About this exercise >> A word-for-word copy of the listing is required, and it must contain no pictures.

Dataset extract >>
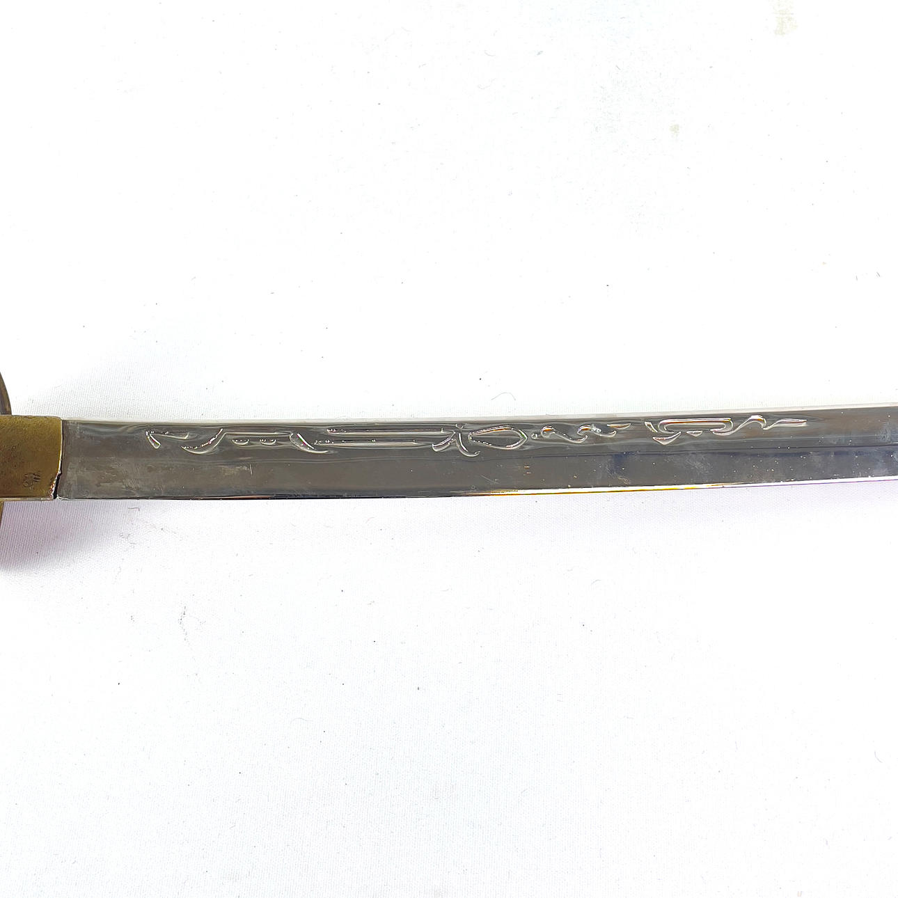 Cut dragon decoration on hand grip, decorated blade, length approx. 70 cm, blade length approx. 47,5 cm, tub length approx. 51 cm.
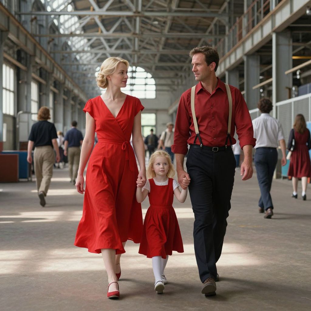 In this painting, a woman in a vibrant red dress, accompanied by a young girl in a matching red dress and a man in a red shirt and suspenders, walk hand in hand through a large, industrial hanger bathed in dappled sunlight. The hanger's high ceiling and steel framework create a sense of depth and scale, while the interplay of light and shadow adds a dramatic effect. The woman's dress flows gracefully, capturing the movement of the scene, and her expression conveys a sense of contentment and pride. The young girl, with her blonde hair and bright eyes, appears to be enjoying the moment, her small figure contrasting with the adult figures around her. The man, with his confident stride, seems to be guiding the family through the hanger, his presence adding a sense of security and protection. In the background, other people can be seen, some walking in the same direction, others moving in different directions, creating a sense of activity and life within the otherwise static environment. The overall composition is balanced, with the family at the center, drawing the viewer's attention to their interaction and the emotions they convey.
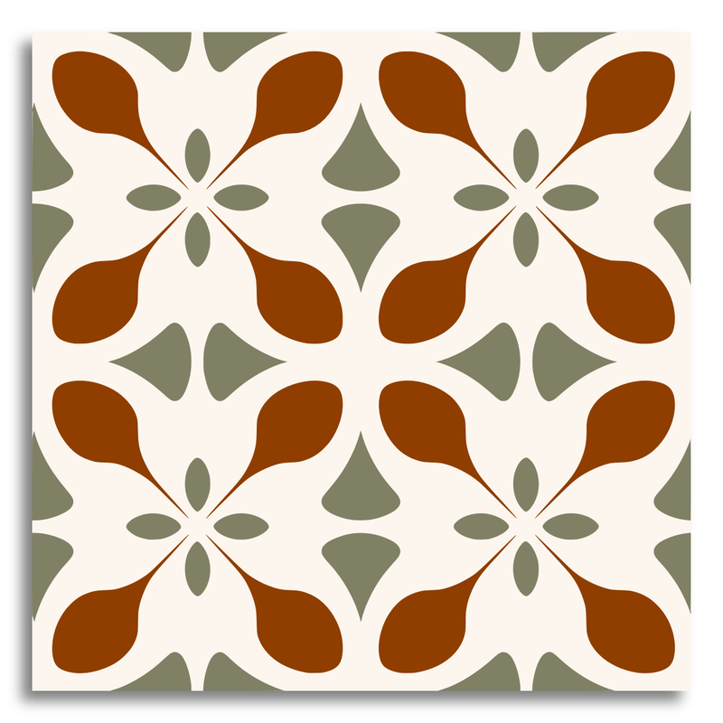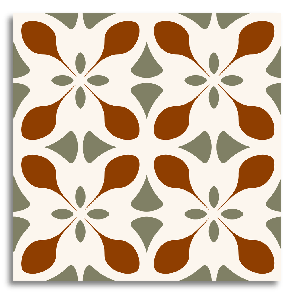 This decor tile showcases a classic encaustic pattern, blending floral and geometric motifs with teardrop shapes and petal-like forms. The muted blue and terracotta hues set against a soft white background create a harmonious balance, offering a timeless yet modern aesthetic. Its intricate design is versatile, seamlessly complementing a variety of interior styles.
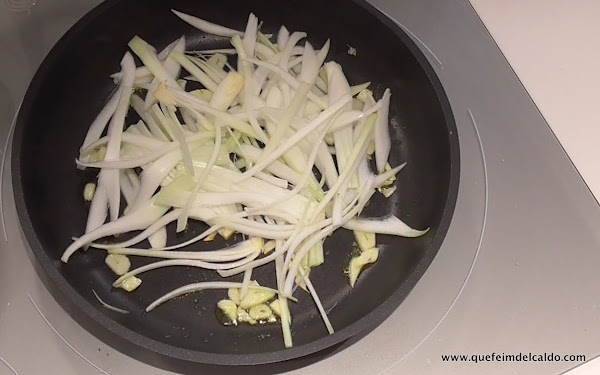 Una vez dorados los ajos ponemos la cebolla tierna cortada en juliana, dejamos 5 minutos pochándose.

Solved problem >>
 Cut dragon decoration on hand grip, decorated blade, length approx. 70 cm, blade length approx. 47,5 cm, tub length approx. 51 cm.
 In this painting, a woman in a vibrant red dress, accompanied by a young girl in a matching red dress and a man in a red shirt and suspenders, walk hand in hand through a large, industrial hanger bathed in dappled sunlight. The hanger's high ceiling and steel framework create a sense of depth and scale, while the interplay of light and shadow adds a dramatic effect. The woman's dress flows gracefully, capturing the movement of the scene, and her expression conveys a sense of contentment and pride. The young girl, with her blonde hair and bright eyes, appears to be enjoying the moment, her small figure contrasting with the adult figures around her. The man, with his confident stride, seems to be guiding the family through the hanger, his presence adding a sense of security and protection. In the background, other people can be seen, some walking in the same direction, others moving in different directions, creating a sense of activity and life within the otherwise static environment. The overall composition is balanced, with the family at the center, drawing the viewer's attention to their interaction and the emotions they convey.
 This decor tile showcases a classic encaustic pattern, blending floral and geometric motifs with teardrop shapes and petal-like forms. The muted blue and terracotta hues set against a soft white background create a harmonious balance, offering a timeless yet modern aesthetic. Its intricate design is versatile, seamlessly complementing a variety of interior styles.
 Una vez dorados los ajos ponemos la cebolla tierna cortada en juliana, dejamos 5 minutos pochándose.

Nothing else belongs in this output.